Supreme Court EPA Ruling A Warning Shot to Agencies like NLRB

Photo Credit: Getty

The Supreme Court’s ruling in West Virginia v. Environmental Protection Agency that the EPA exceeded its authority under the Clean Air Act is a warning shot to other federal agencies concerning similar overreach. The National Labor Relations Board (NLRB) should take particular notice.

The NLRB, an independent federal agency that enforces the National Labor Relations Act, now has a Democratic majority and has indicated that it is planning to extend its authority under the Act in a variety of ways. These include “joint employer” status, so-called captive audience meetings, union access to employer property, union election rules, and collective bargaining in college athletics. These are all contentious issues that have been the recent focus of major legislation before Congress. The legislation died, which ought to a pretty clear sign that Congress could not reach agreement on these issues.

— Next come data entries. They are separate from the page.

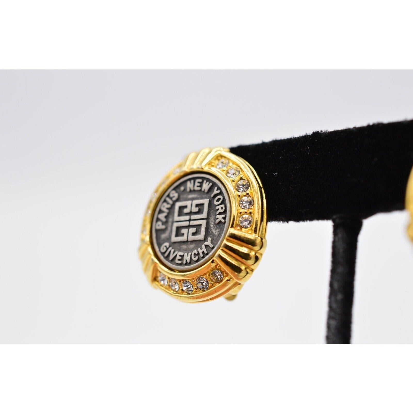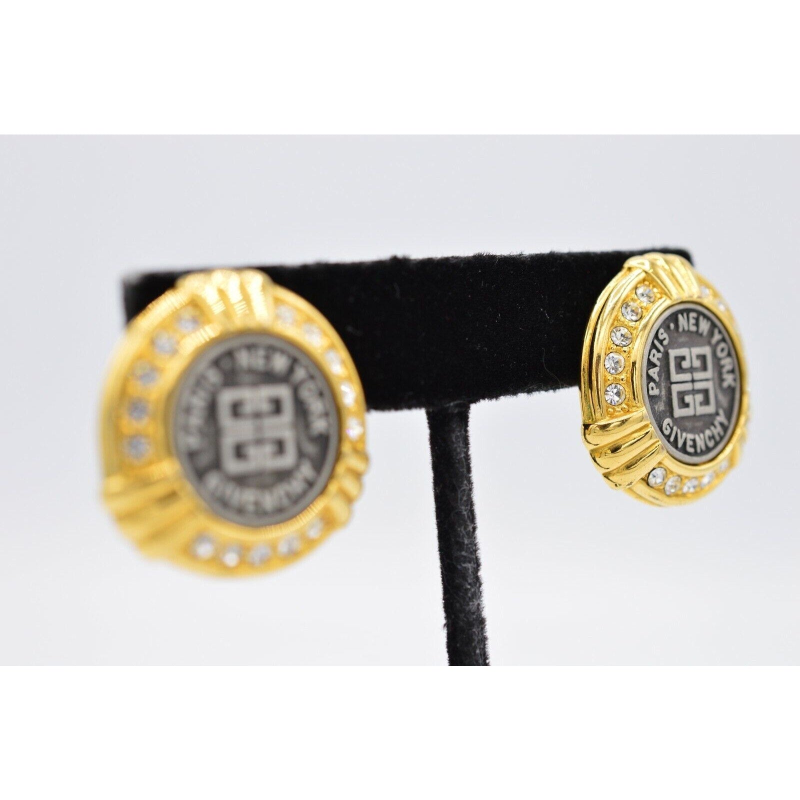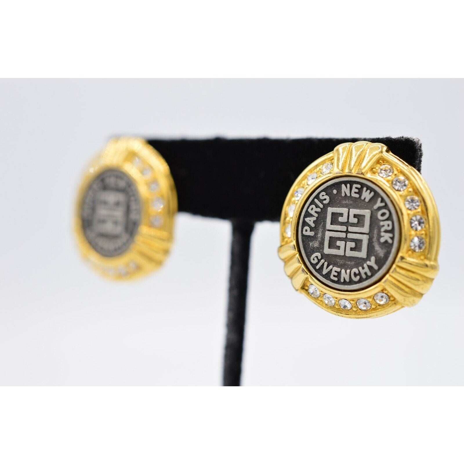 Iconic vintage Givenchy clip earrings featuring bold coin medallion designs with the Paris–New York logo. Finished in rich gold-tone with crystal accents, these statement earrings deliver classic 1980s runway glamour.
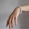 花冠(かかん)は様々な色を帯びて 花の最も美麗な部分といわれます 数片からなり その各片が花弁です 花のいのちは短く 特に桜の花弁は咲いたと思ったら ひらひらとすぐに散ってしまいますが 散り際はとても美しいものです 虫以外の私たち人間までも引き寄せ 喜びを与えてくれます 身につけた時に 花のような高貴さを纏い咲き誇り そして透き通った花弁一枚のように儚く美しい そんな存在になれることを祈って… material ガラスビーズ、真鍮、ステンレス、マグネット、テグス *シルバービーズはパラジウムメッキ加工を施したものを使用しております *留め金具はマグネットタイプを使用しております size 約180mm+50mmアジャスター weight 約10.4g *CACICOの商品は全て1点1点制作しているため、個体差があり、商品写真と差がある場合がございます。ご了承の上、ご購入ください。 *金属アレルギーの方はご使用をお控えください *受注生産のため、ご注文確定後1週間〜10日以内に商品を発送いたします
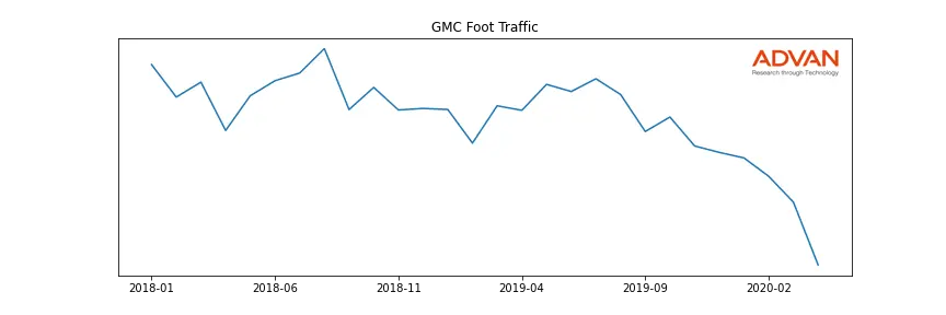 GMC along with another 1766 companies belongs to the Advan Consumer Discretionary. The following chart shows the foot traffic index on this sector.
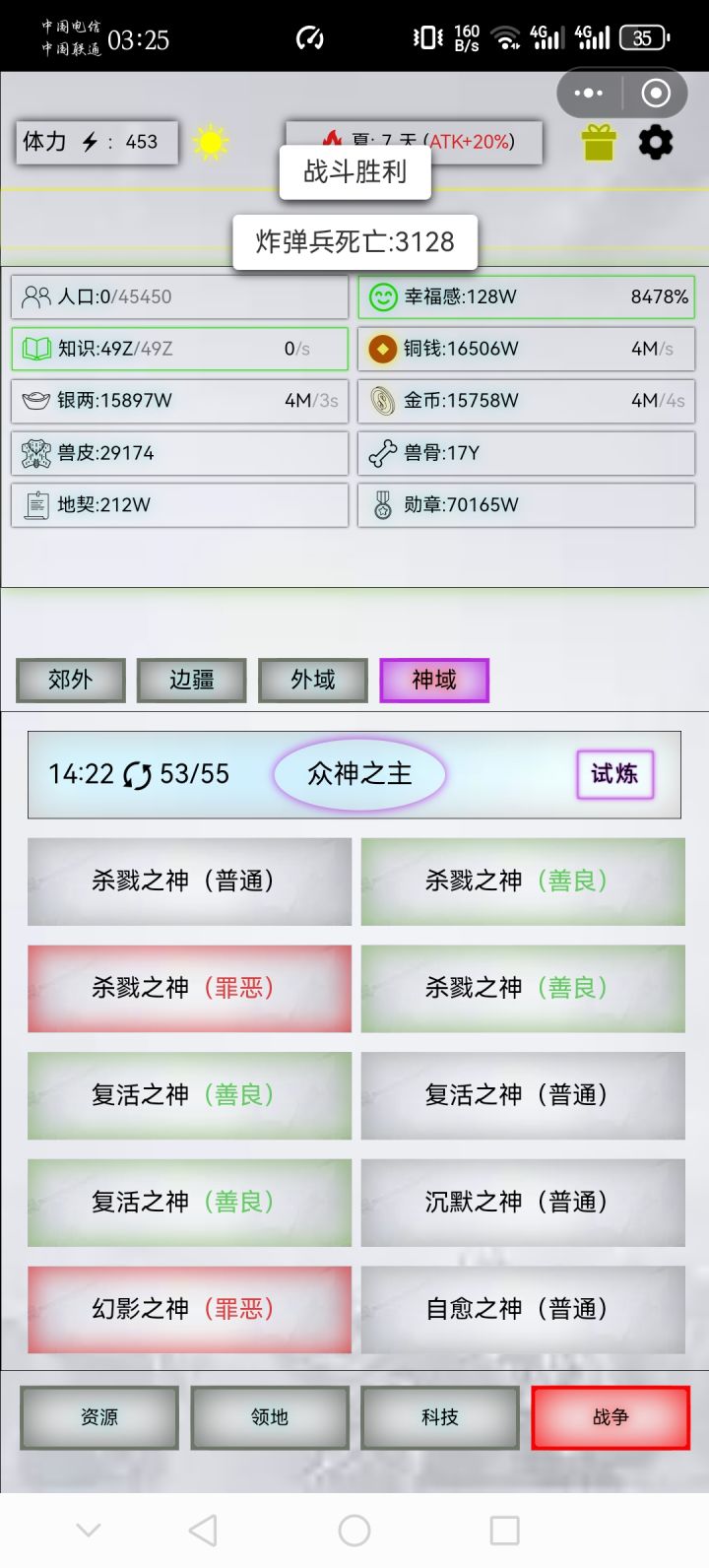 精20,出战3500,战损3128丹药500-50-30-30,蒸汽70-634-15扫荡
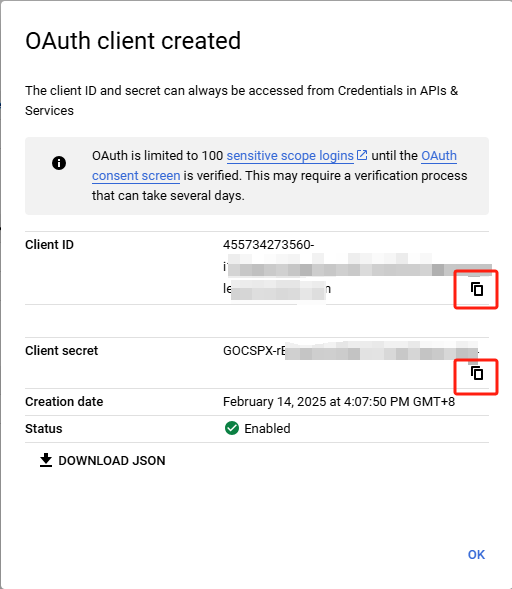 Copy the **Client ID** and **Client Secret**, and store them securely.\
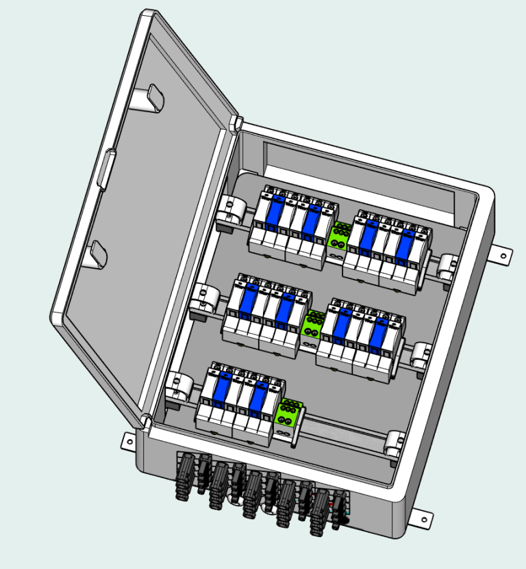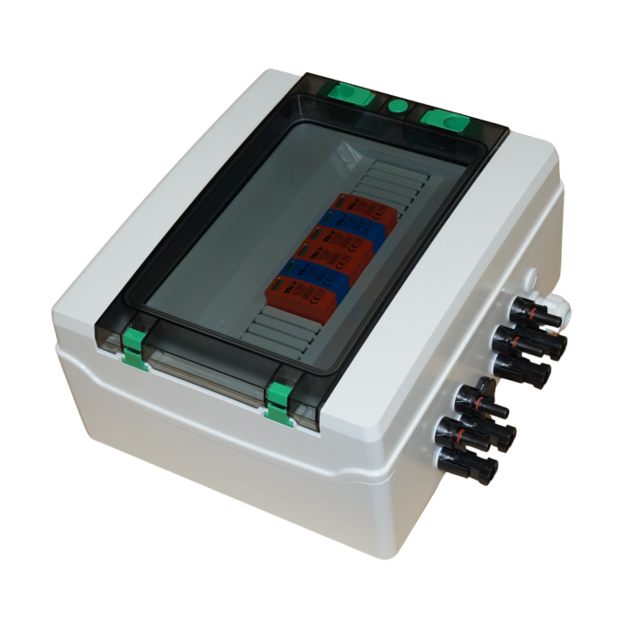 GENBoxen für Direktanschluss mit bis zu 3 MPP-Trackern bis 1500V DC. Sowohl als T2 Überspannungsableiter oder T1+T2 Kombiableiter lieferbar.
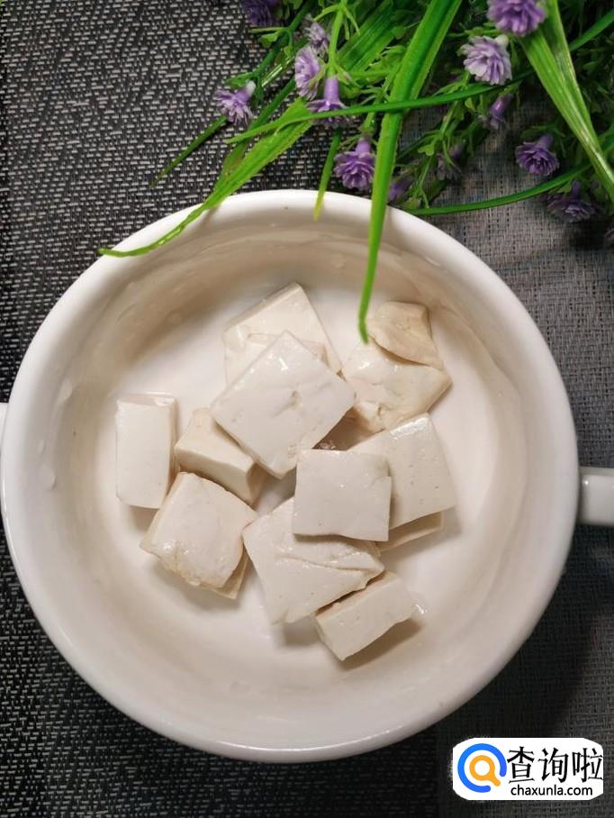 准备适量嫩豆腐,洗净后切块,放入锅中焯水,然后捞出,放在一个比较深的容器中,因为蒸熟之后,有可能会出水,容器深一点比较好。
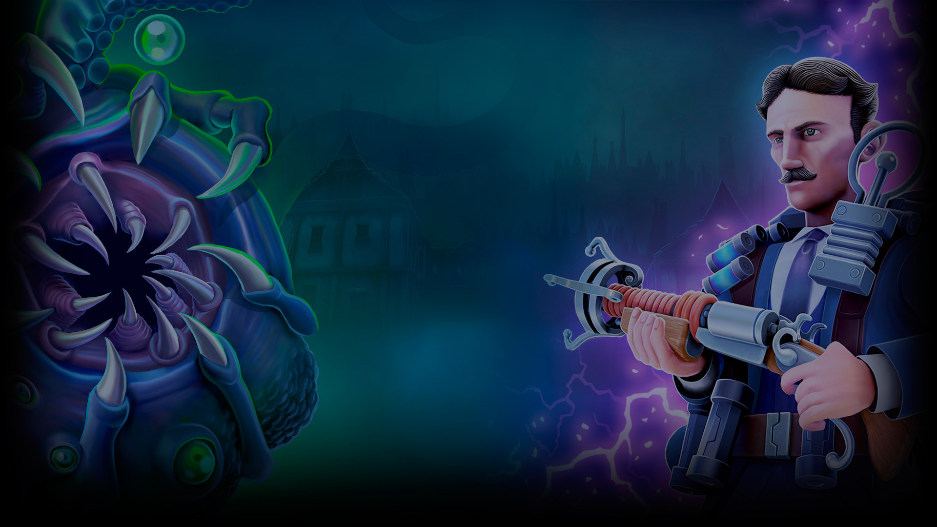Tesla vs Lovecraft is an intense top-down twin stick arena shooter from the creators of Crimsonland and Neon Chrome. Play as the enigmatic inventor Nikola Tesla harnessing the static energy to power up Tesla-Mech and give the lovecraftian nightmares a lesson in horror!

The driving force behind the effort to extend the NLRB’s regulatory scope has been NLRB General Counsel Jennifer Abruzzo, a Biden appointee and a former top union lawyer with the Communication Workers of America. The general counsel runs the agency on a day-to-day basis. Abruzzo has vowed to overhaul the agency by making boosting union organizing a focus.

For example, Abruzzo has requested that the board reinstate the so-called “Joy Silk” doctrine, an obscure rule scrapped by the board decades ago that, if revived, would effectively establish card check union recognition rules. These would eliminate secret ballots at most union elections. The fact that this same issue has been before Congress repeatedly as the Employee Free Choice Act and has never passed ought to be an obvious sign that the board lacks any such mandate.

The most recent major pro-union wish list legislation, the Protecting the Right to Organize Act, includes numerous provisions to aid union organizing but conspicuously lacks any provisions similar to EFCA. In other words, even card check’s congressional fans are no longer pushing for it. So why should the NLRB try to enact it on its own?

Progressives tend to invoke the argument that “congress is gridlocked therefore the agencies must act” to justify expansive federal rulemaking. But that gets it backwards. The executive branch should instead be redoubling its efforts to cut deals with Congress. Is it easy? No, but when has it ever been? The Biden administration, like the Obama administration before it, gives up at the first sign of resistance rather than trying to roll up its sleeves and negotiate deals by offering lawmakers on the other side something that they want.

President Obama served a single term in the Senate before reaching the White House and spent most of that working on his presidential bid, gaining little experience in deal-making. Biden, on the other hand, was a longtime U.S. senator. He was often involved in bipartisan deals back when Congress still reached them with the White House. He has no excuse for abandoning that approach now. The Supreme Court’s ruling in West Virginia v. EPA, if nothing else, is a reminder to the administration that cutting deals with Congress is still be way to get changes that stick around for the long run. Anything done by agencies can be undone; actual laws are much sturdier.